Everything from the line containing "Hungary 1923. 1000" through the final line below must be output exactly, both ends included, with nothing else and no pictures.

------ RECORDS FOR PROCESSING ------

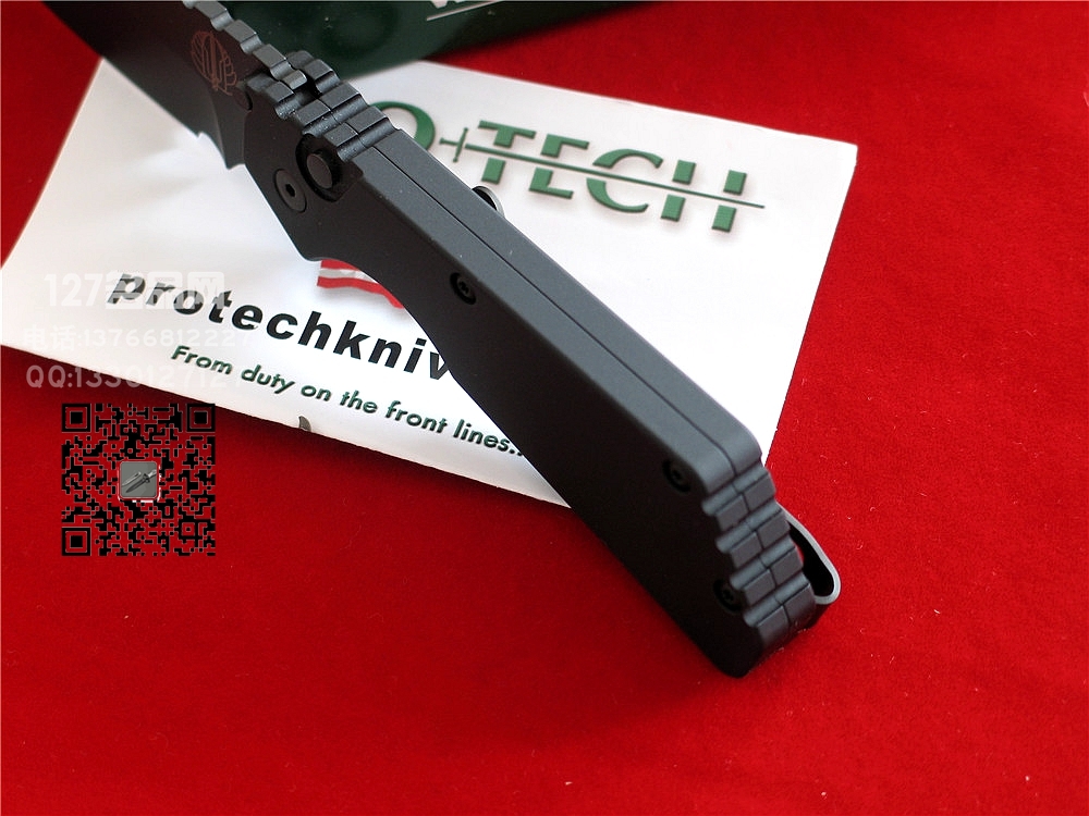 美国超技术&挺进者合作款 Protech&Strider #2303 PT AUTO 154CM不锈钢双面标铝柄黑色DLC涂层版经典战术侧跳 独立编号限量版战术侧跳刀.
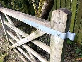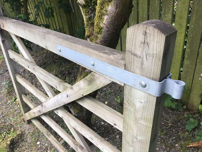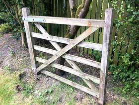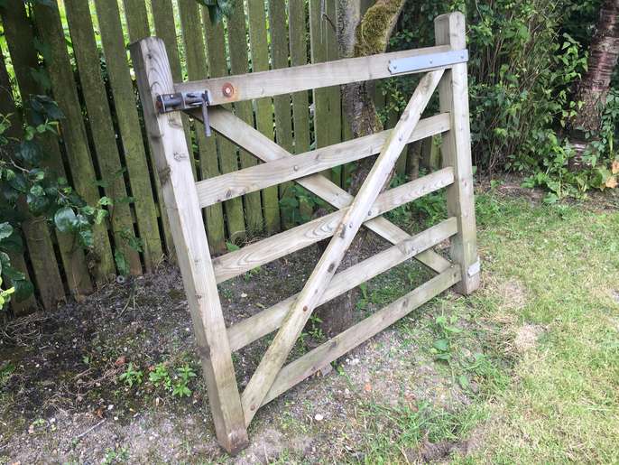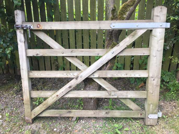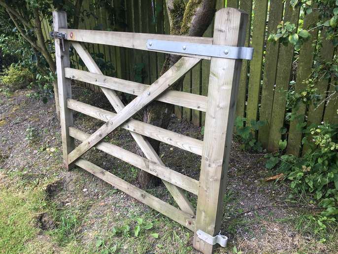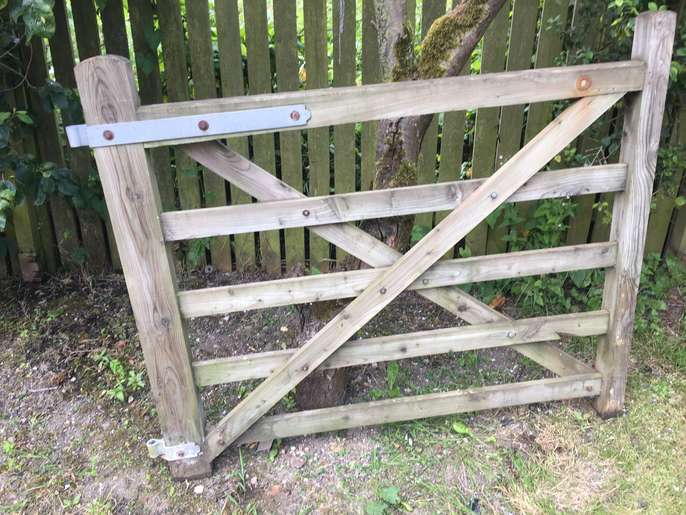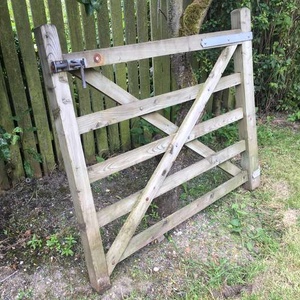 This is a very well made gate which stands 128 cm high and is 152 cm wide plus the hinge at 6 cm ready to hang with hinges attached and a bolt lock please note this is not the mass produced poor quality type the warps and bends within a few years that you can buy from dit stores
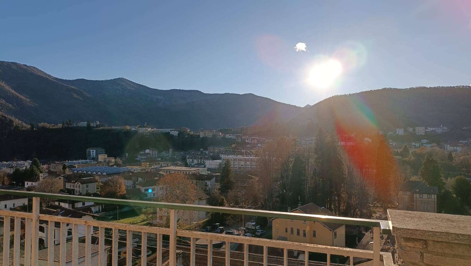 L'area esterna di questo particolarissimo Appartamento è impreziosita da un grande terrazzo di 65 mq da cui si gode una favolosa vista sul paese e su tutta la valle di Lanzo.
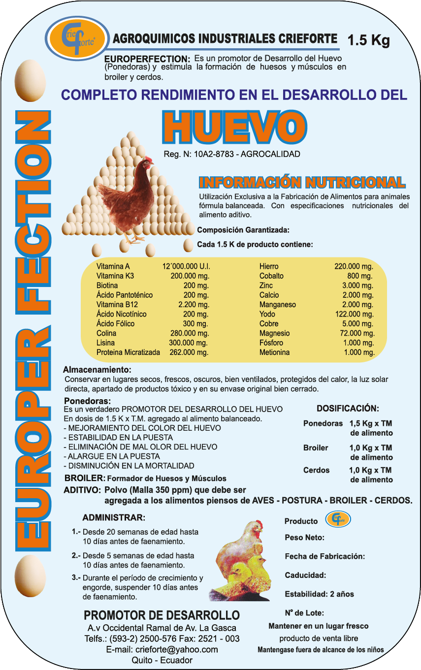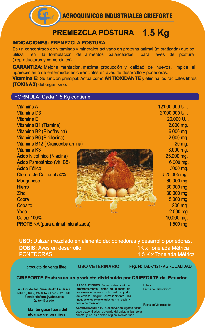 Premezcla de Postura Ver Premezcla de Cerdos Ver Premezcla Parrillero BROILER Ver Antihongos Mollejo Sanitín Ver Premezcla de EuroPerfection Ver
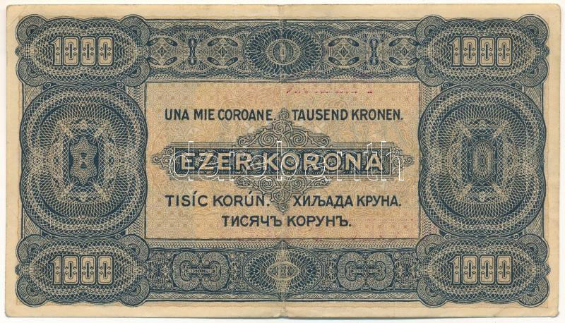 Hungary 1923. 1000 Korona with red "8 FILLÉR - NYOLC FILLÉR" overprint, "B 71 8889241" serial number C:F tiny tears
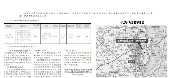五、本次挂牌出让详细资料请参阅挂牌出让文件。有关挂牌出让文件资料可于2011年8月5日起到杭州市余杭区公共资源交易中心(余杭区临平南大街265号时代广场市民之家三楼)L8号窗口索取。
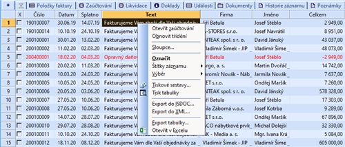 Stisknete-li v tabulce agendy pravé tlačítko myši a z místní nabídky zvolíte povel Export tabulky…, exportují se pouze vybrané záznamy dané agendy. Pokud uživatel nemá v agendě Přístupová práva ve větvi Soubor/Databáze zatrženou volbu Export, program mu neumožní provést daný povel.
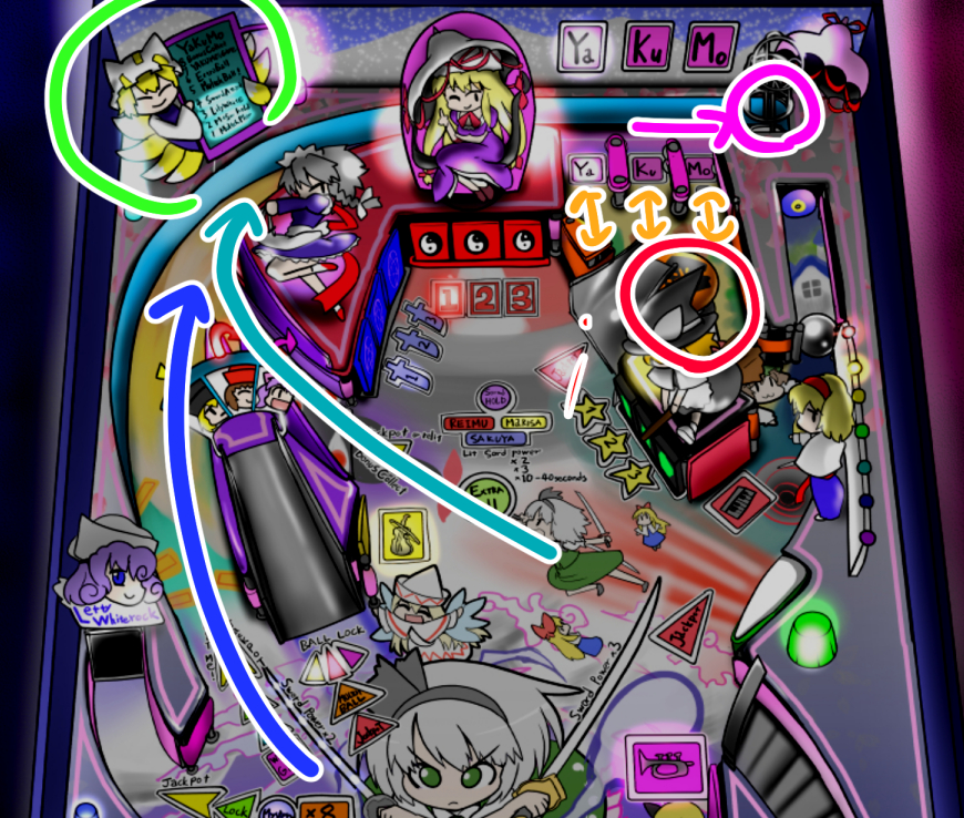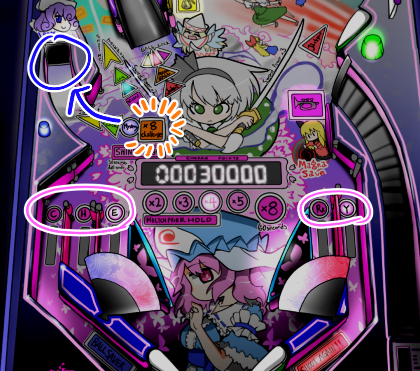 マルチボールを始めるのに重要なのが、冥界への入り口で騒ぐ騒霊たちです。
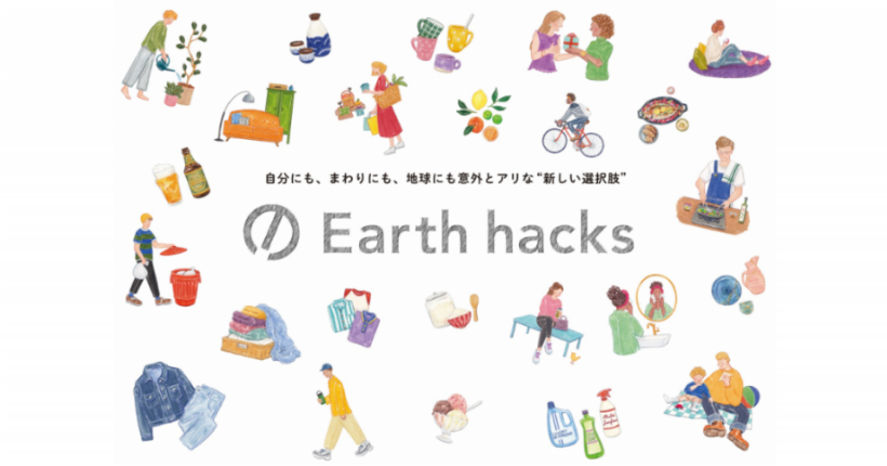 「Earth hacks」は、2021年11月に博報堂の新規事業開発組織「ミライの事業室」と三井物産の共同プロジェクトとしてスタートした、Earth hacks株式会社のサービスです。Z世代をはじめとする脱炭素に関心がある方や、まだよく知らないという方にも脱炭素に向けた活動を身近に感じてもらえるよう、自分の生活にも取り入れたいと思えるライフスタイルやエシカルな商品の情報を提供したり、生活者の声をもとに、脱炭素関連商品・サービスや事業の開発を目指す共創型のプラットフォームです。
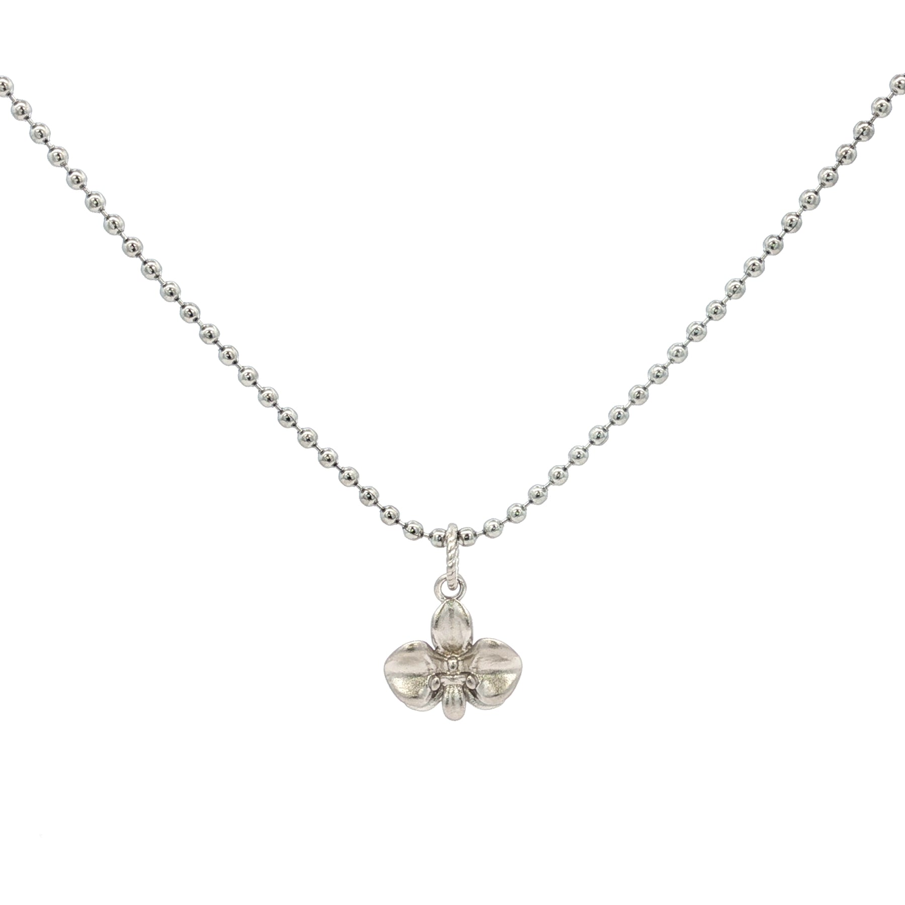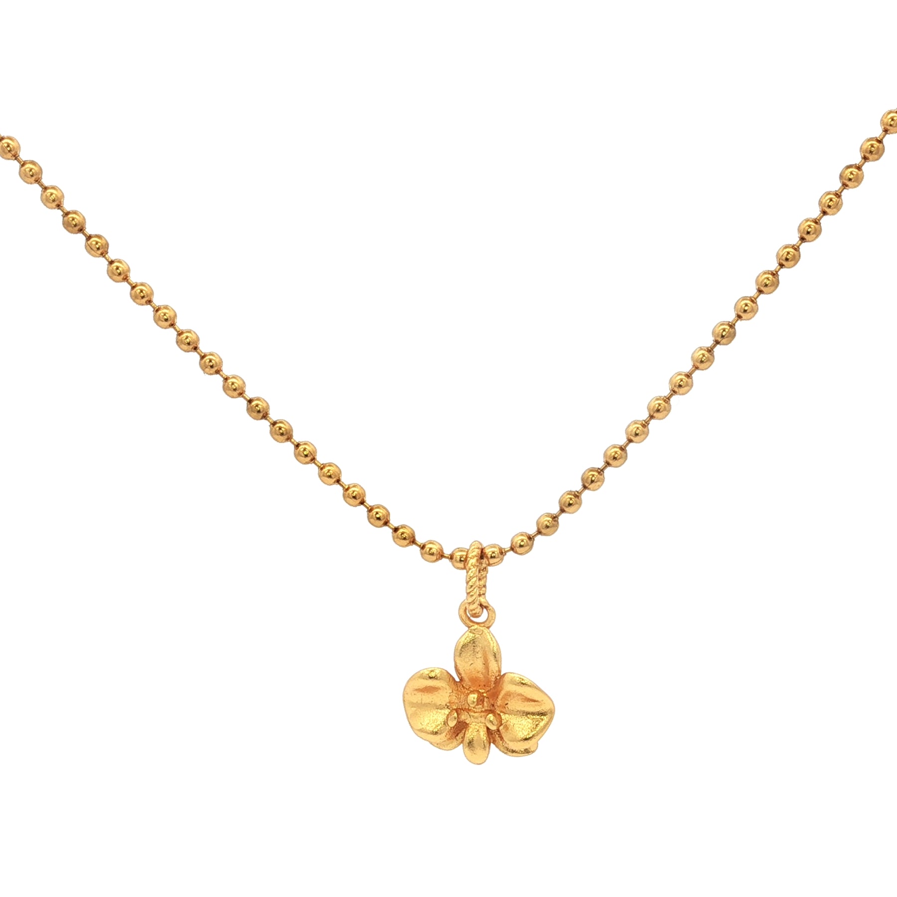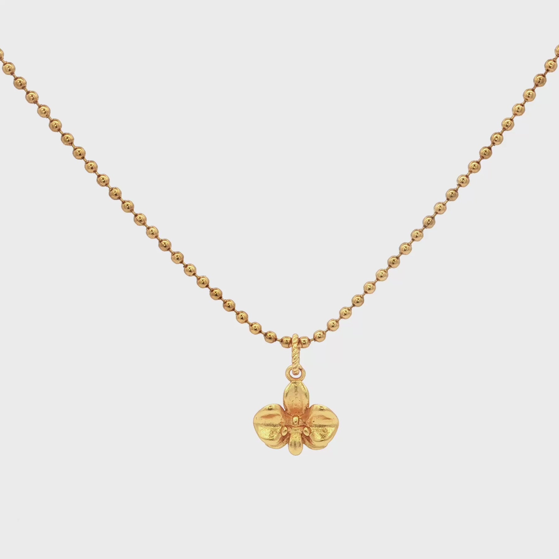 Crafted in bronze with 24k gold plating or silver-plated, its orchid-shaped pendant celebrates the perfect imperfection of nature and turns a symbol of roots and femininity into an everlasting talisman.

------

▶ _WRITTEN RESPONSE_
 Hungary 1923. 1000 Korona with red "8 FILLÉR - NYOLC FILLÉR" overprint, "B 71 8889241" serial number C:F tiny tears
五、本次挂牌出让详细资料请参阅挂牌出让文件。有关挂牌出让文件资料可于2011年8月5日起到杭州市余杭区公共资源交易中心(余杭区临平南大街265号时代广场市民之家三楼)L8号窗口索取。
 Stisknete-li v tabulce agendy pravé tlačítko myši a z místní nabídky zvolíte povel Export tabulky…, exportují se pouze vybrané záznamy dané agendy. Pokud uživatel nemá v agendě Přístupová práva ve větvi Soubor/Databáze zatrženou volbu Export, program mu neumožní provést daný povel.
 マルチボールを始めるのに重要なのが、冥界への入り口で騒ぐ騒霊たちです。
 「Earth hacks」は、2021年11月に博報堂の新規事業開発組織「ミライの事業室」と三井物産の共同プロジェクトとしてスタートした、Earth hacks株式会社のサービスです。Z世代をはじめとする脱炭素に関心がある方や、まだよく知らないという方にも脱炭素に向けた活動を身近に感じてもらえるよう、自分の生活にも取り入れたいと思えるライフスタイルやエシカルな商品の情報を提供したり、生活者の声をもとに、脱炭素関連商品・サービスや事業の開発を目指す共創型のプラットフォームです。
 Crafted in bronze with 24k gold plating or silver-plated, its orchid-shaped pendant celebrates the perfect imperfection of nature and turns a symbol of roots and femininity into an everlasting talisman.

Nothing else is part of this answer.